In the records below, find the line containing "Troubleshooting1. Turn the" and repeat it and every line after it exactly, without pictures.

Data excerpts
▼▼▼

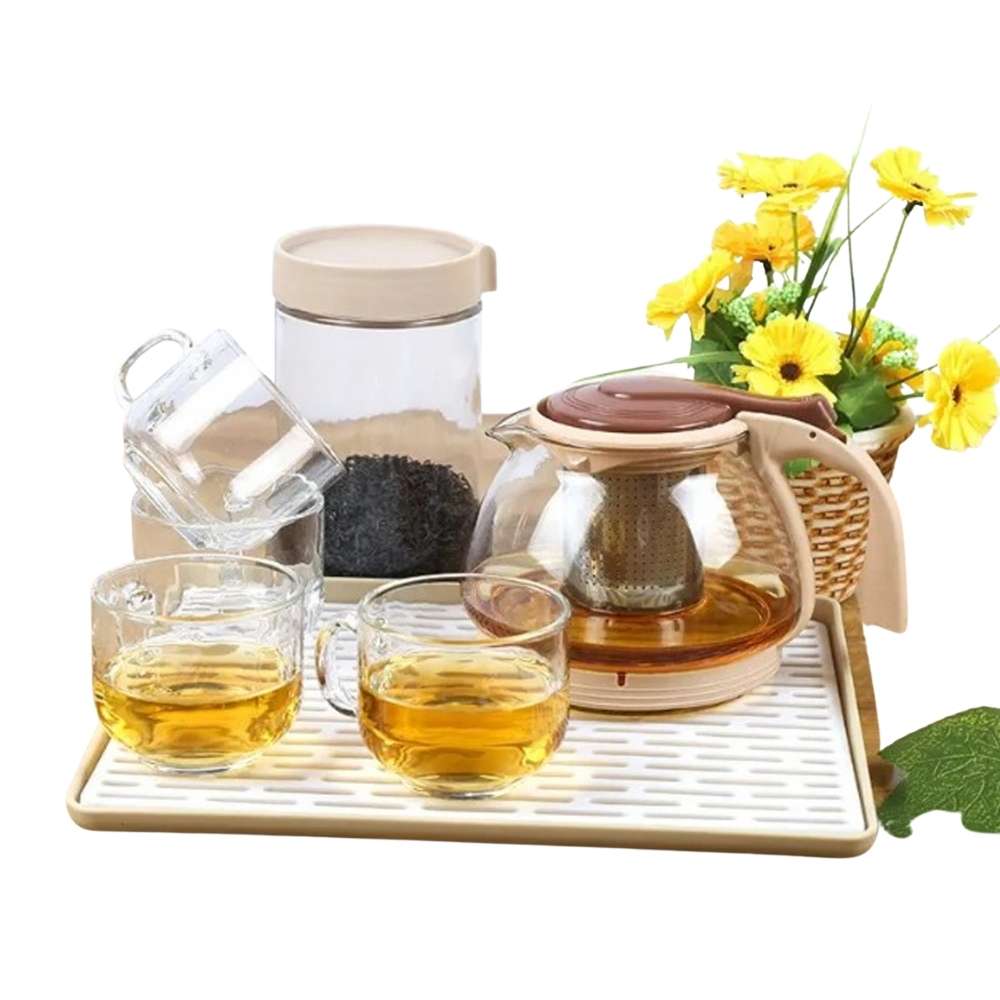 ◊ Incluye: 7 piezas (1 tetera con filtro, 1 recipiente de té, 1 bandeja escurridora, 4 tazas).
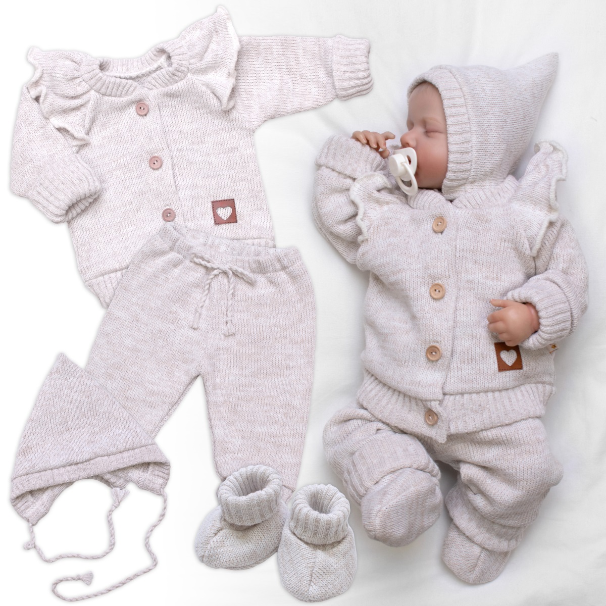 Táto luxusná 4D sada, pletený svetrík, nohavice, čiapočka a topánočky Hand Made 4D, je presne to, čo vaše bábätko potrebuje pre dokonalé pohodlie a štýl.
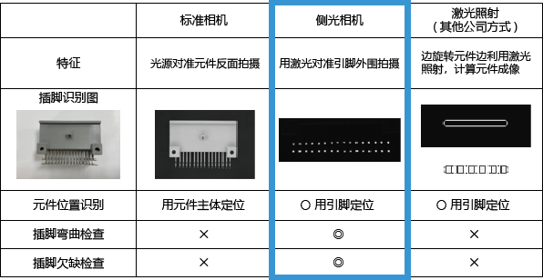 側(cè)光相機(jī)利用激光照射插腳的前端,是一種能清晰識別前端影像的有效方法,它可以捕捉到各式各樣前端形狀的插腳中心并準(zhǔn)確進(jìn)行定位,防止插入不良。
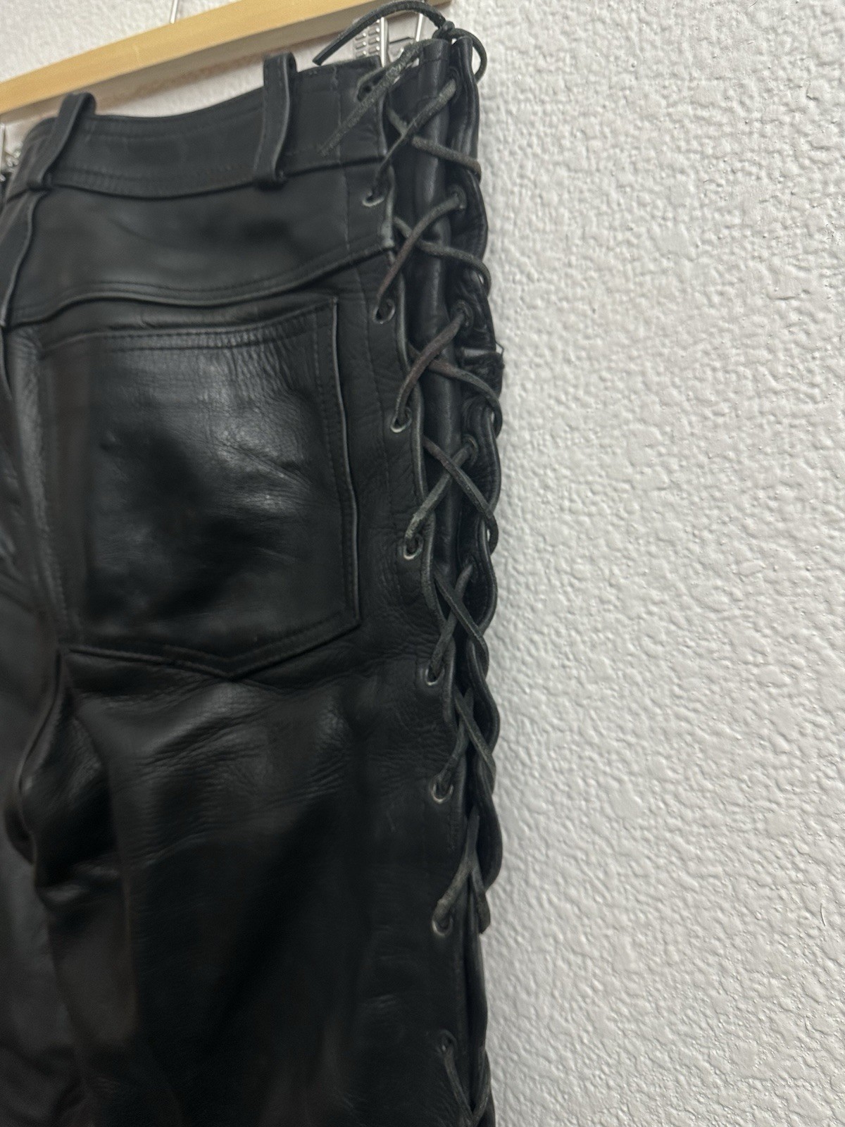 как выглядит VTG Indian Angel Black Leather Lace Up Motorcycle Pants Womens Lined Biker 90s фото
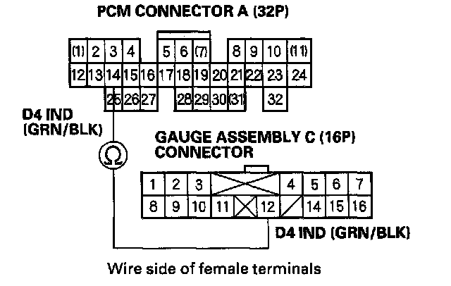 Troubleshooting1. Turn the ignition switch ON (II), and watch the D4 indicator light.
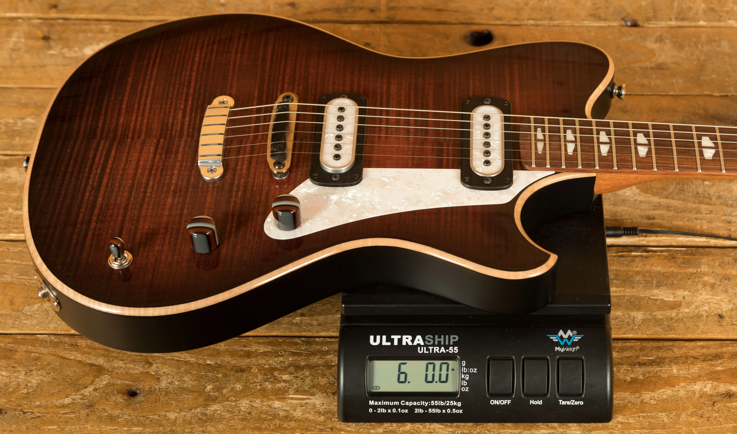 PF42 Pickups - Hardtail Bridge - Select Flame Maple Burst Top - Pearloid Pickguard - Ebony Saddle
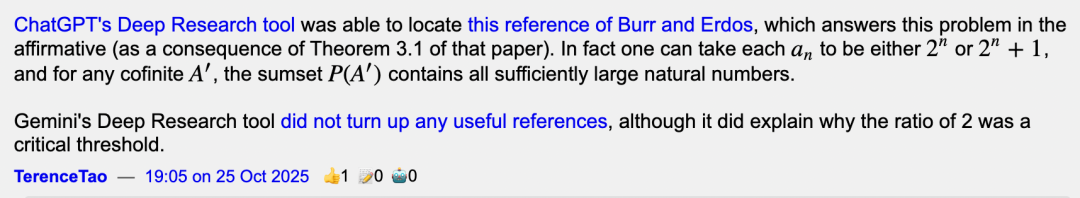 去年 10 月,著名数学家、菲尔兹奖得主陶哲轩在 Erdős 问题网站的讨论区里,用 ChatGPT 搜索相关文献,找到了一篇 Burr 和 Erdős 的旧论文。
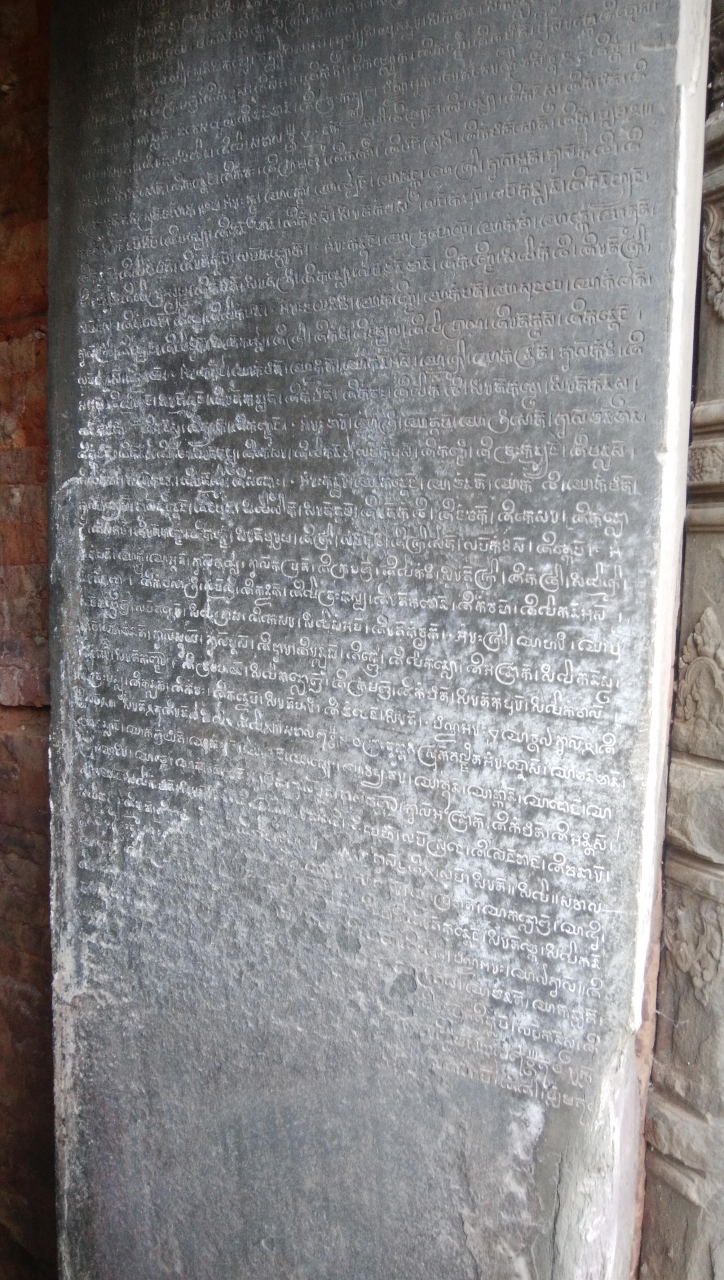 アンコールワットより250年ほど古い遺跡です。祠堂は生憎修復工事中で足場に囲まれていました。サンスクリット文字のレリーフが手彫りとは思えないほどの精緻さでした。

▲▲▲

Result for this task
 Troubleshooting1. Turn the ignition switch ON (II), and watch the D4 indicator light.
 PF42 Pickups - Hardtail Bridge - Select Flame Maple Burst Top - Pearloid Pickguard - Ebony Saddle
 去年 10 月,著名数学家、菲尔兹奖得主陶哲轩在 Erdős 问题网站的讨论区里,用 ChatGPT 搜索相关文献,找到了一篇 Burr 和 Erdős 的旧论文。
 アンコールワットより250年ほど古い遺跡です。祠堂は生憎修復工事中で足場に囲まれていました。サンスクリット文字のレリーフが手彫りとは思えないほどの精緻さでした。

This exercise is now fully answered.